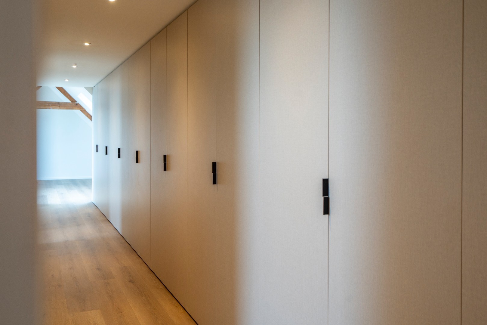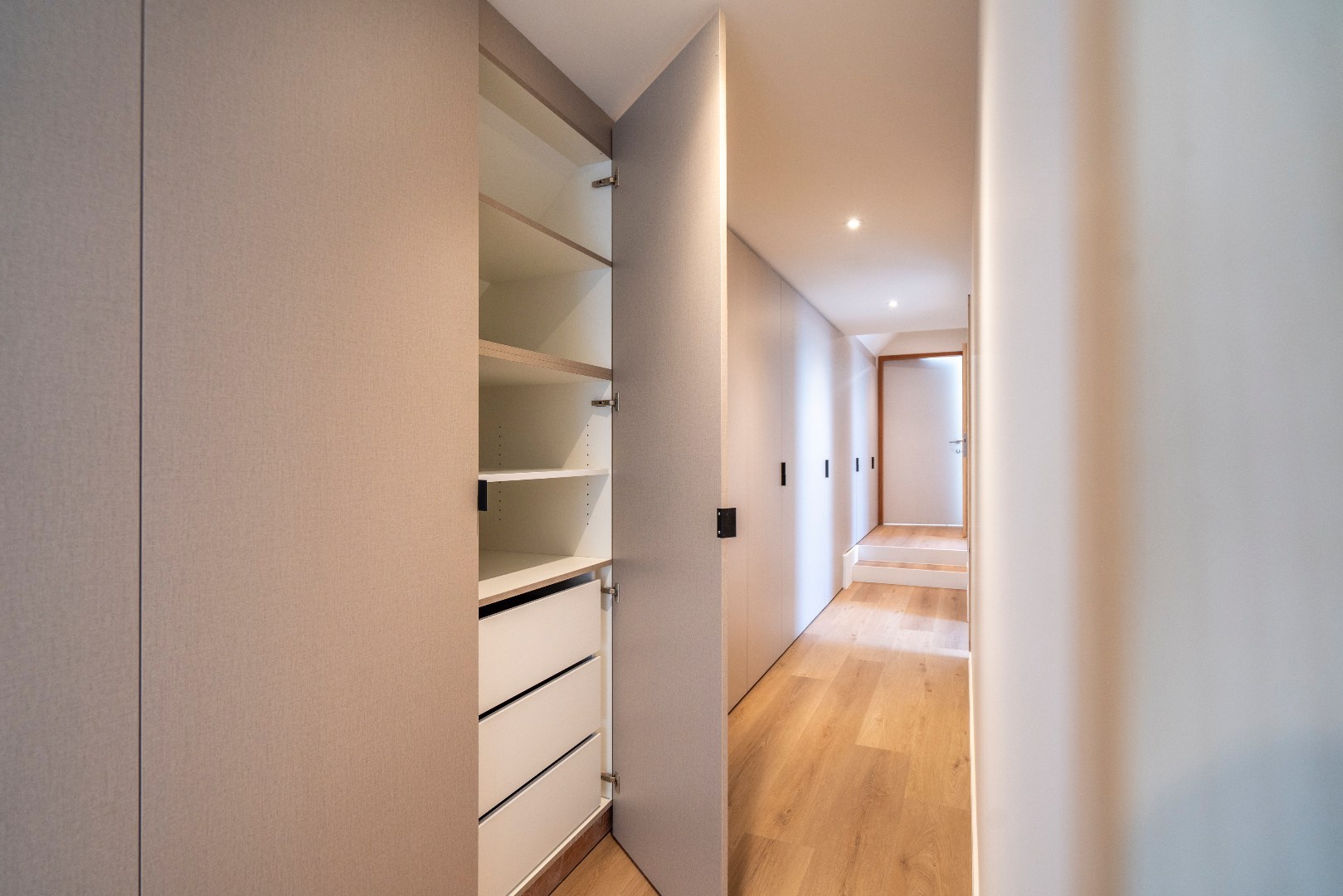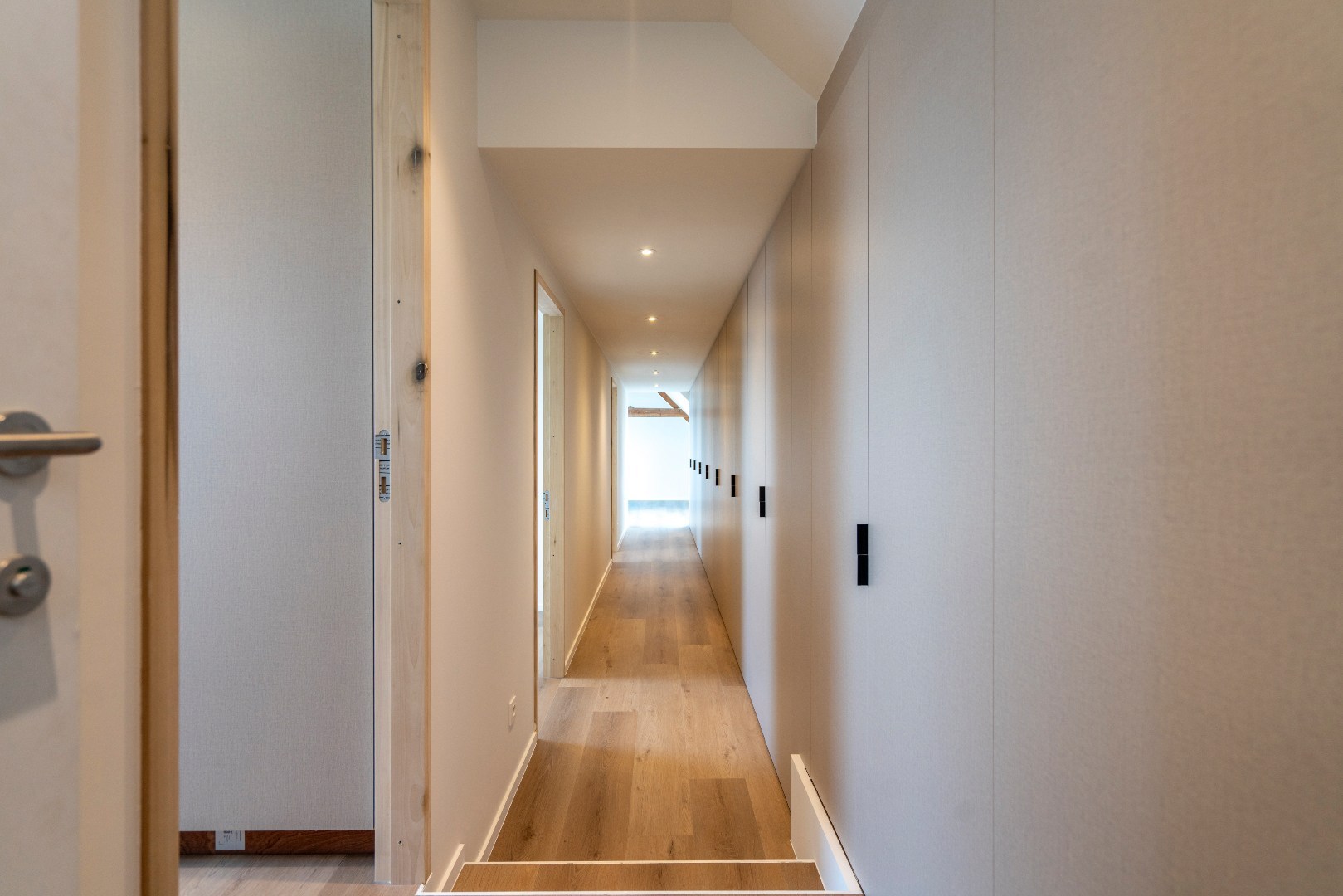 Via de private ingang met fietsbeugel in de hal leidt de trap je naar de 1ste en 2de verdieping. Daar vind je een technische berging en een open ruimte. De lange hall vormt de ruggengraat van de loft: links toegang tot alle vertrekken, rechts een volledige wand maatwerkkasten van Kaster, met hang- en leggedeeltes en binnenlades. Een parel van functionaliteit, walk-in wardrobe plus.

- - - -

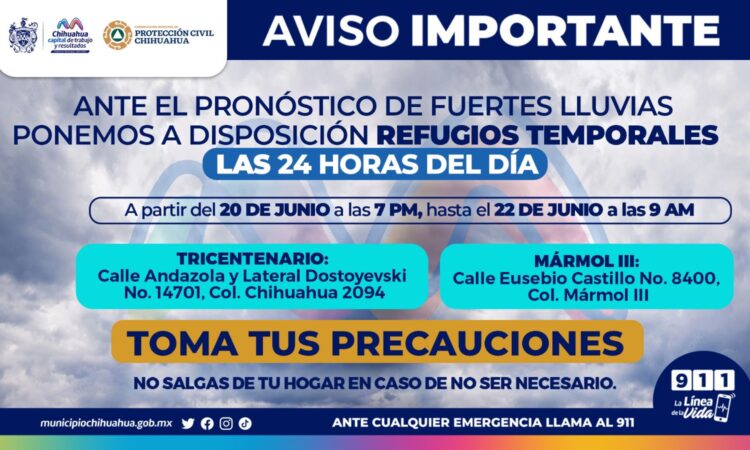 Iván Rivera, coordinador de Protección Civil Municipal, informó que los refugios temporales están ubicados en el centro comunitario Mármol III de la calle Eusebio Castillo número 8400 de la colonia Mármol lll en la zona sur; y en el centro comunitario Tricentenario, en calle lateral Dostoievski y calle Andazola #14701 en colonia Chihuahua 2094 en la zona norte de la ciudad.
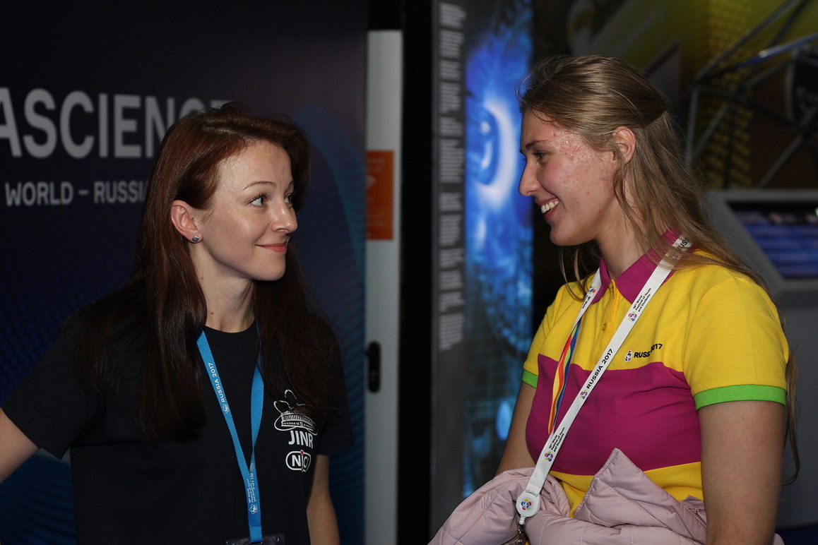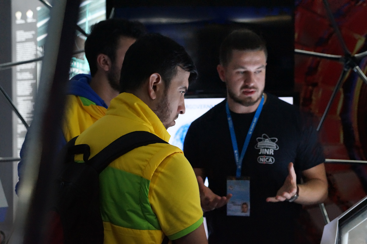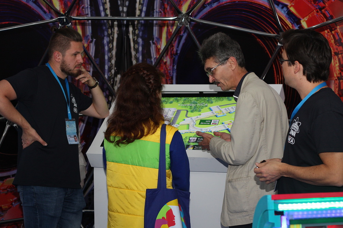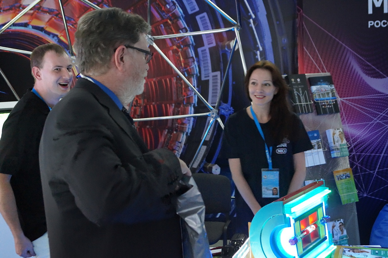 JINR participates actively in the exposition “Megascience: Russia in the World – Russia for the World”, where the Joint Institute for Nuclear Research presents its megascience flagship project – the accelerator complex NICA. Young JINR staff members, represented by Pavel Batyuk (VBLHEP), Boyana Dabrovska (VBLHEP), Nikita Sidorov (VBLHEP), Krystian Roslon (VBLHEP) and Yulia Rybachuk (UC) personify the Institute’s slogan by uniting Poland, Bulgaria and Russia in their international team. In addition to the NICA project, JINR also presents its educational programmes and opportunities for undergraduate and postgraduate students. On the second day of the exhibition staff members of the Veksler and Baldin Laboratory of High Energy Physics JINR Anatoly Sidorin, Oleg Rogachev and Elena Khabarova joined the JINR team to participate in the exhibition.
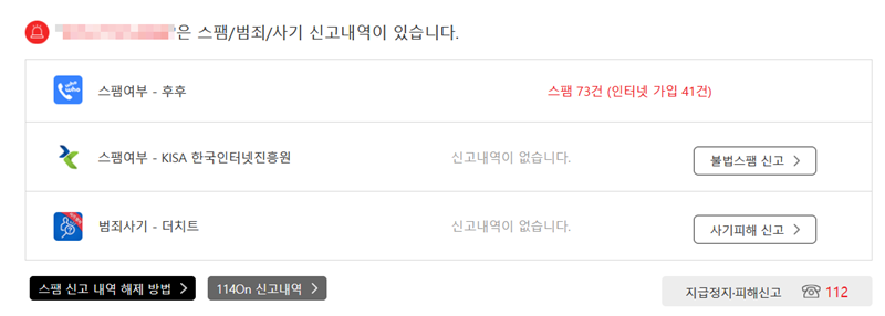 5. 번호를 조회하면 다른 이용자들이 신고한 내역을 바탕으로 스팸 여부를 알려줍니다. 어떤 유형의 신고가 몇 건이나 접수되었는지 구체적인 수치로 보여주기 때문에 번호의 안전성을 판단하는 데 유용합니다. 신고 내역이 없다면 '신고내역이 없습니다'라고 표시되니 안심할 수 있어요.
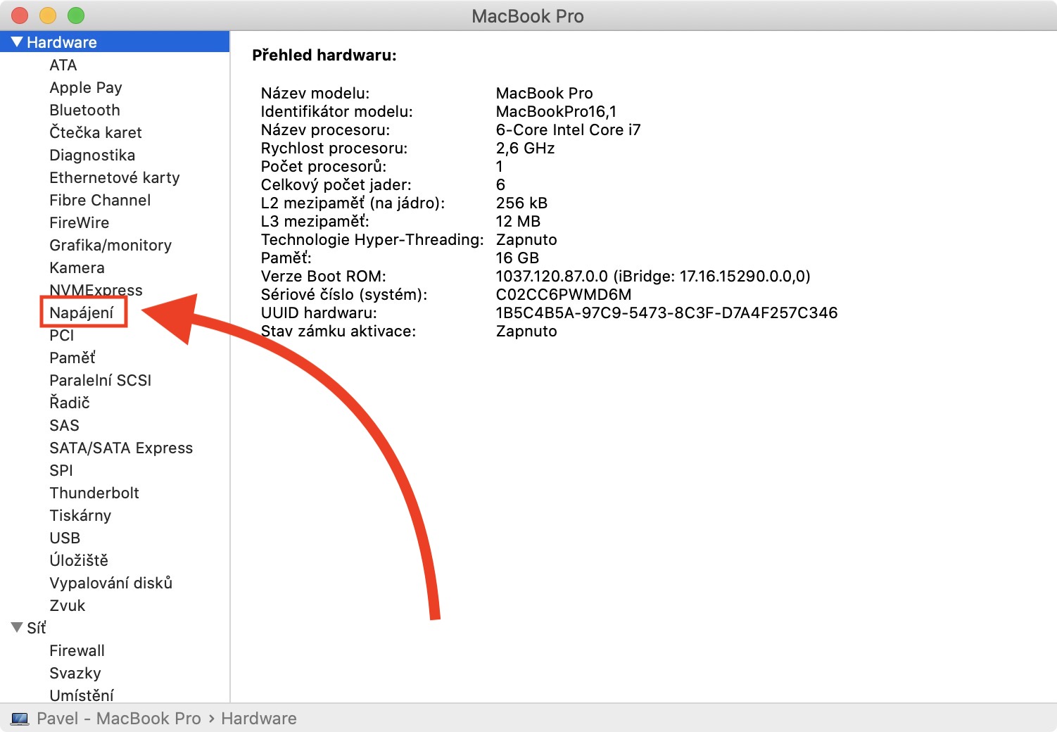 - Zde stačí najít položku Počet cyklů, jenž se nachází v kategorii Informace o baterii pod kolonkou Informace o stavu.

- - - -

> [Task details] Everything above from the line containing "5. 번호를 조회하면" through the line containing "- Zde stačí" must be repeated exactly, and the pictures must be left out.

> [Result]
 5. 번호를 조회하면 다른 이용자들이 신고한 내역을 바탕으로 스팸 여부를 알려줍니다. 어떤 유형의 신고가 몇 건이나 접수되었는지 구체적인 수치로 보여주기 때문에 번호의 안전성을 판단하는 데 유용합니다. 신고 내역이 없다면 '신고내역이 없습니다'라고 표시되니 안심할 수 있어요.
 - Zde stačí najít položku Počet cyklů, jenž se nachází v kategorii Informace o baterii pod kolonkou Informace o stavu.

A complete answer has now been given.